Why the GSXS-1000?

The Rush SR uses a drive-by-wire 1.0 liter motor from the 2022+ GSXS-1000, which produces just over 150whp. There are several reasons that we selected this engine for use in the RUSH SR over other engines that have typically been used for bike-engine cars (BECs).

Long-Term Engine Parity

In any spec series, parity between engines are a critical issue. Keeping the power output of all engines within a few horsepower of each other is essential if a series is to be widely accepted as a true spec series.

While the GSXR engines (and select others on the market) produce more power, these engines are used in motorcycle race applications and go through a redesign every 3-4 years. This would make long-term parity difficult to maintain.

The GSXS engine was developed in 2017 for the street bike. Suzuki have stated that this engine will be used for at least 10 years. The GSXS is a refresh of one of their best engines ever built: the K-5 / K-6, which was used in the 2005 and 2006 GSXR motorcycles.

Engine Reliability

Many people have asked why we did not go with the GSXR. After all, in stock form, it makes 204hp at the wheel.

There are many reasons! We think that 200hp in the very light Rush SR would require a very different skill-level of driver than the mass market it is trying to reach. Significantly more aero and wider tires would be required to make it drivable. The GSXR engine also hits the rev limiter at 15,400rpm instead of the 11,400 of the GSXS, so engine wear is greatly increased when used in the powerband constantly.

This translates directly to rebuild costs. GSXR-powered cars need rebuilds every 40-80 hours, and cost $10,000-$15,000 to rebuild. Conversely, the GSXS-1000 as used in the Rush SR requires a rebuild every 160+ hours, and costs approximately $3,500 to rebuild.

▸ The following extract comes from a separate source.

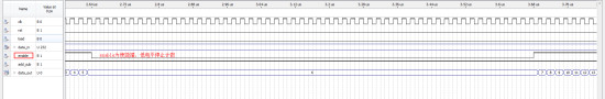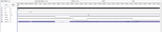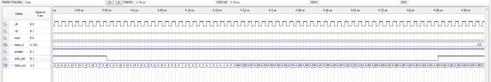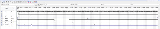 3)单击processing->start simulation 选项,启动仿真器。使用调制焦距工具调整波形坐标间距,异步清零同步置数可逆计数器仿真波形如下图所示:

Engine Oil System & Cost Considerations

The GSXR and most engines people fit to BECs are motorcycle race engines! They are designed to be ridden at high angles of inclination. To keep the bike fast, they want the CG as low as possible. When the bike is at an angle, the forces on the bike are pushing the oil into the sump. This means manufacturers can use a small and shallow sump, which allows them to get the engine as low as possible in the frame. The GSXS, however, is a street bike. Although it banks in the corners, it is driven at a far milder angle than the race bikes.

Subsequently, the manufacturers raise the engine and use a larger, deeper oil sump. This is very beneficial to us, as most people who are familiar with BEC’s know that oil starvation can be an issue. Indeed, if we used a GSXR engine, it would be necessary to add a dry sump system, which would add nearly $10,000 to the build cost. This is why most GSXR-powered cars are at least $90,000!

The sump on the GSXS engine is almost 3 times deeper, 3 times the length, and has a steep sidewall. This prevents the oil from moving out of the sump when the engine is in a constant horizontal position and is subject to high lateral loads. Our testing has confirmed this, and we have had no oil starvation scenarios observed during skidpad testing or in series racing.

Pictured are the sump diagrams of the GSXR (left) and GSXS (right) engines, and the difference in the size and shape of the sump can be clearly seen.